Mon nom fut alors prononcé, me sortant de mes pensées. Sur mon passage les chuchotements se firent de plus en plus forts et de plus en plus agaçant. Je m'assis sur la chaise, réluctant à l'idée d'avoir la chose posée sur ma tête. Mais une fois que cela fût fait, je pus entendre sa voix résonner à l'intérieur de mon crâne, d'une façon différente de Mort.
#Et bien, et bien, qui avons nous là. Mais n'est-ce pas Mr Potter en personne?# Question rhétorique pensais je sombrement. #Que vois je, que vois je, a vrai pas grand chose, que de sombres barrières que vous avez là, jeune homme !#
#Je ne vois pas de quoi vous parlez # répondis-je prudemment.
#Laisse moi entrer, laisse moi voir, ouvres moi ton esprit#
#Non#
Un rire gras résonna dans ma tête, me faisant sentir mal à l'aise.

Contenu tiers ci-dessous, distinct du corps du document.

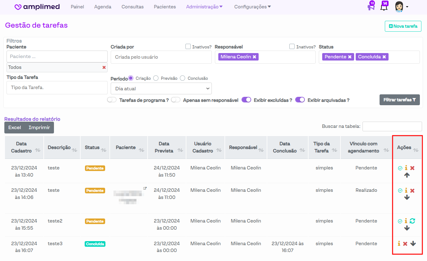 O usuário responsável pela tarefa pode realizar as ações disponíveis na coluna Ações na listagem de tarefas, conforme destacado na imagem a seguir.
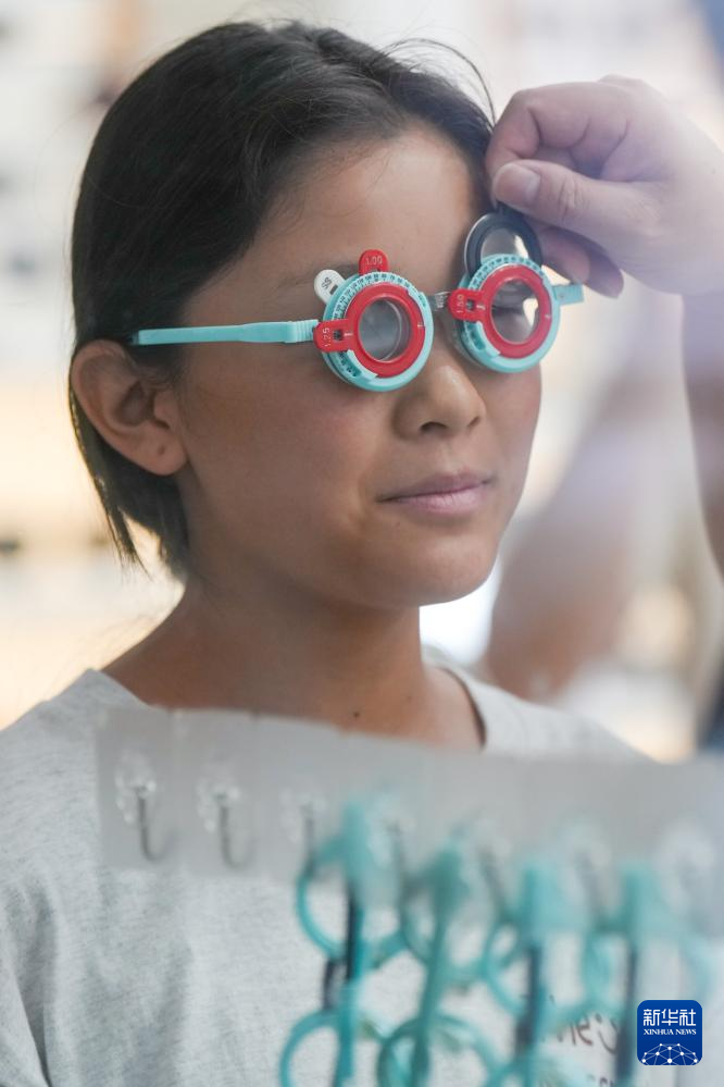 小朋友在中国丹阳国际眼镜城内验光配镜(10月2日摄)。

#Très bien, gamin, je ne peux t'obliger à rien mais d'après le peu que j'ai pu voir tu feras un très bon...#
-"SERPENTARD !"
Un lourd silence suivit sa déclaration, l'étonnement de me voir répartir dans la maison des verts et argents était sur tout les visages. Puis de faibles applaudissements hésitants se firent entendre, presque couvert par les murmures qui se propageaient d'un bout à l'autre de la salle. N'en tenant pas compte je me dirigea vers ma nouvelle table, Nox sur les talons. Je m'assit à côté du blond du train, qui me lança avec un sourire :
-"Je savais que tu serais des nôtre, Potter!"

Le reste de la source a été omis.